Remission of In-Transit Melanoma following Combination BRAF and MEK Inhibition Therapy: A Case Report

S Caleb Freeman, Edibaldo Silva and Christopher Huerter

  • S Caleb Freeman 1*
  • Edibaldo Silva 2
  • Christopher Huerter 1
  • Department of Dermatology, Creighton University School of Medicine, USA
  • Department of Surgical Oncology, University of Nebraska Medical Center, USA

Freeman SC, Silva E, Huerter C (2019) Remission of In-Transit Melanoma following Combination BRAF and MEK Inhibition Therapy: A Case Report. Arch Surg Dermatol 2(1):18- 20.

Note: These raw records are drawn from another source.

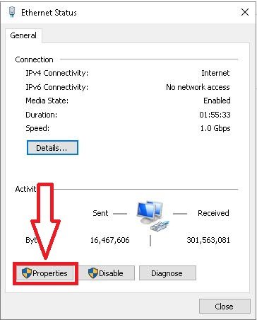 Click on the properties button.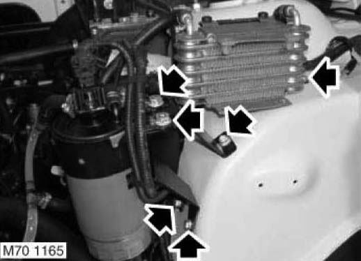 6. Td6 models: Remove nut and 3 bolts securing fuel filter/cooler bracket assembly and move aside.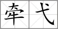 牵 : 牵(牽)qiān拉,引领向前:牵引。牵曳。牵头。牵线。牵萝补屋(把萝藤拉上屋顶来补草房,形容生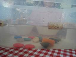 Recipient amb aigua. Objectes diferents: pedres, taps de suro i botons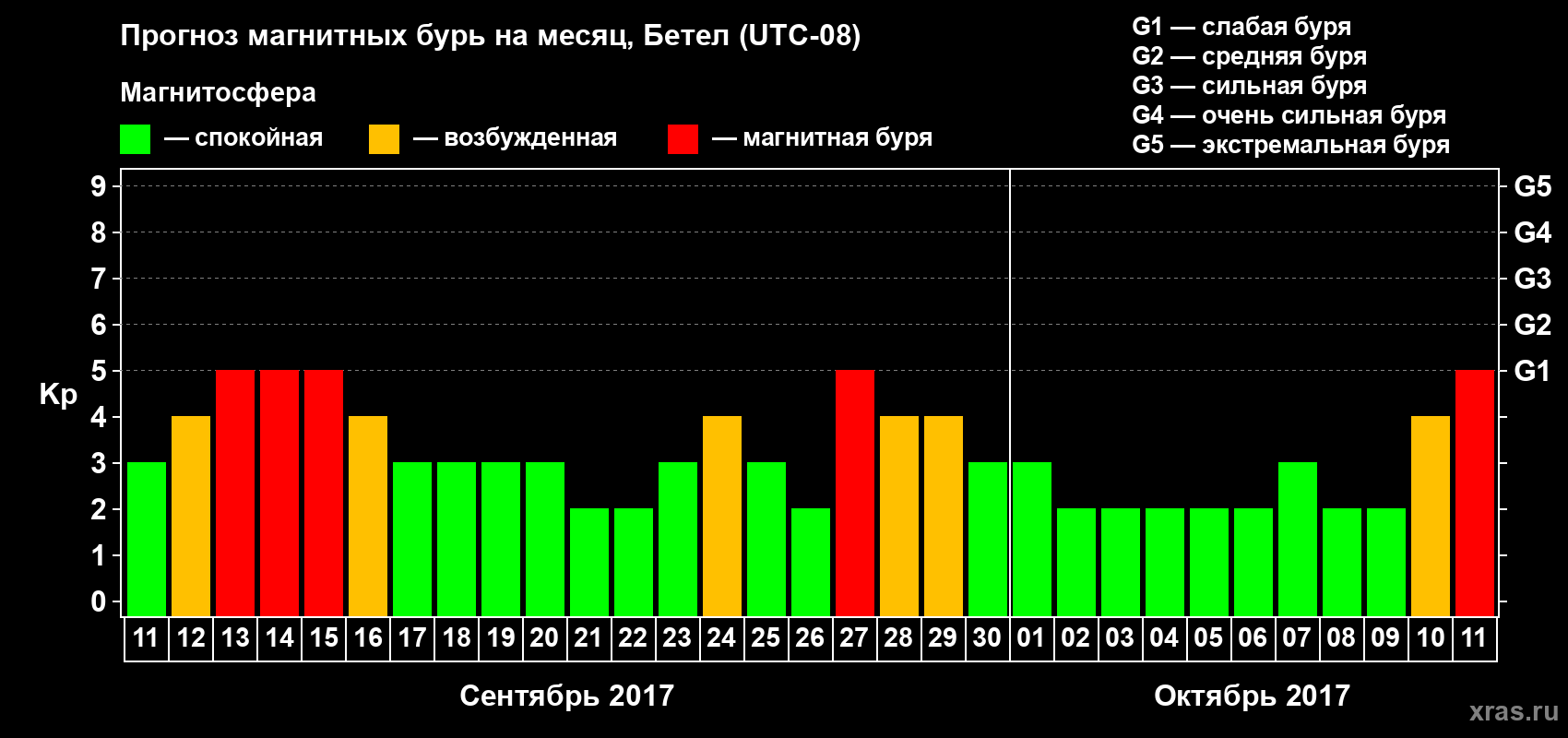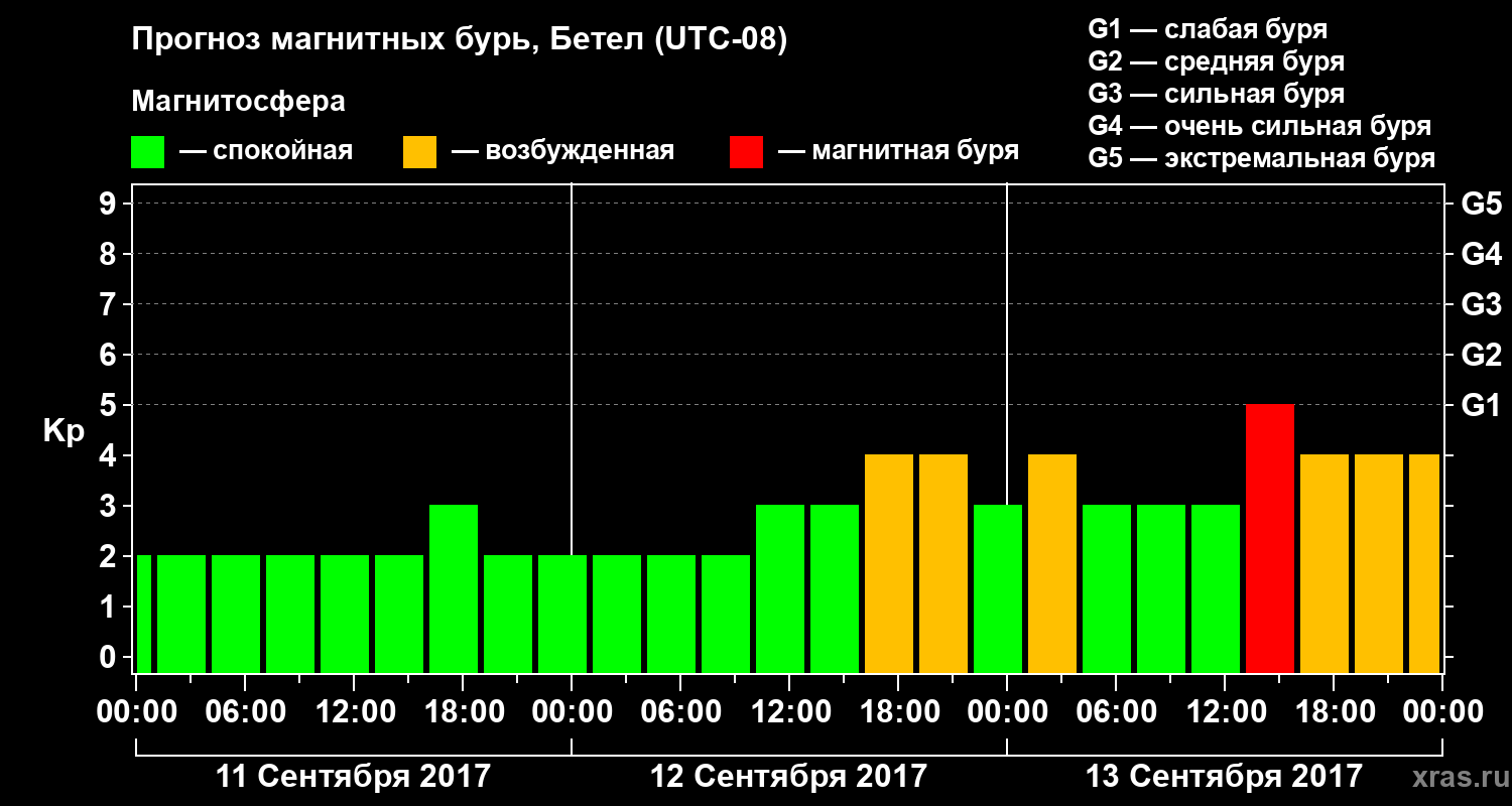 Прогноз магнитных бурь в Бетеле — 11 сентября 2017 года

Accepted: January 17, 2019 | Published Online: January 19, 2019

Remission of In-Transit Melanoma following Combination BRAF and MEK Inhibition Therapy: A Case Report

Introduction


Satellite and in-transit melanoma represent the metastasis of cutaneous melanoma along lymphatics between the primary lesion and the regional lymph nodes. In-transit melanoma often presents as a reoccurrence of previously resected melanoma, and as such is associated with a poorer prognosis than primary melanoma [1]. Response rate to therapy is often suboptimal, with 5-year survival rates of 24-54% at 5 years [2]. Treatment protocols for in-transit melanoma are less standardized than many other clinical scenarios, but possibilities for treatment include surgical removal, palliative radiotherapy, isolated limb perfusion, intra-lesional T-VEC injections, systemic targeted therapy and immunotherapy [3]. This case presents a successful selective approach for the management of refractory in-transit melanoma that included treatment with combination BRAF inhibitor dabrafenib and MEK inhibitor trametinib for a patient with stage IV melanoma.

Case Report


A 58-year-old white woman was referred for a 2.5-cm enlarging blackish brown patch on her left medial ankle that had recently begun bleeding. An excisional biopsy found malignant nodular melanoma with positive margins. She underwent wide re-excision and sentinel lymph node biopsy. Results showed residual malignant nodular melanoma with a Breslow depth of 1.1 mm, Clark's level IV with negative margins. All 3 sentinel lymph nodes in the left groin were negative. She was followed clinically for 4 years, at which point she developed an extensive amount of new pigmented nodules on her left lower extremity (Figure 1). Biopsies were taken of a left pretibial nodule as well as a left lower lateral pretibial nodule. Both were consistent with malignant melanoma in-transit metastases that tested positive for a BRAF V600E mutation. In the absence of systemic metastases by PET scan, initial treatment consisted of heated isolated limb infusion with the alkylating agent melphalan 7.5 mg per liter of volume, adjusted for patient's ideal body weight. While the patient initially showed improvement, with a near complete resolution of her in-transit leg disease for a period of 6 months, she later developed a painful pre-tibial mass on the leg which was treated with palliative radiation therapy. Unfortunately, and as often seen following in-transit disease, the patient developed progressive soft tissue metastases outside the perfused extremity, with new lesions appearing in the right shoulder and occiput. Based on the cross-over sensitivity of BRAF positive disease to systemic immunotherapy, she was treated with 4 cycles of pembrolizumab administered at 2 mg/kg every 2 weeks. Evidence of progression on this regimen led to a switch over to BRAF-targeted therapy with dabrafenib and trametinib. Patient received 150 mg dabrafenib every 12 hours and 2 mg trametinib once daily. As often seen, she showed complete resolution of nearly all disease within 4 weeks. Four months after completing treatment the skin and subcutaneous tissue remained clear (Figure 2). Patient remains on combination therapy to date.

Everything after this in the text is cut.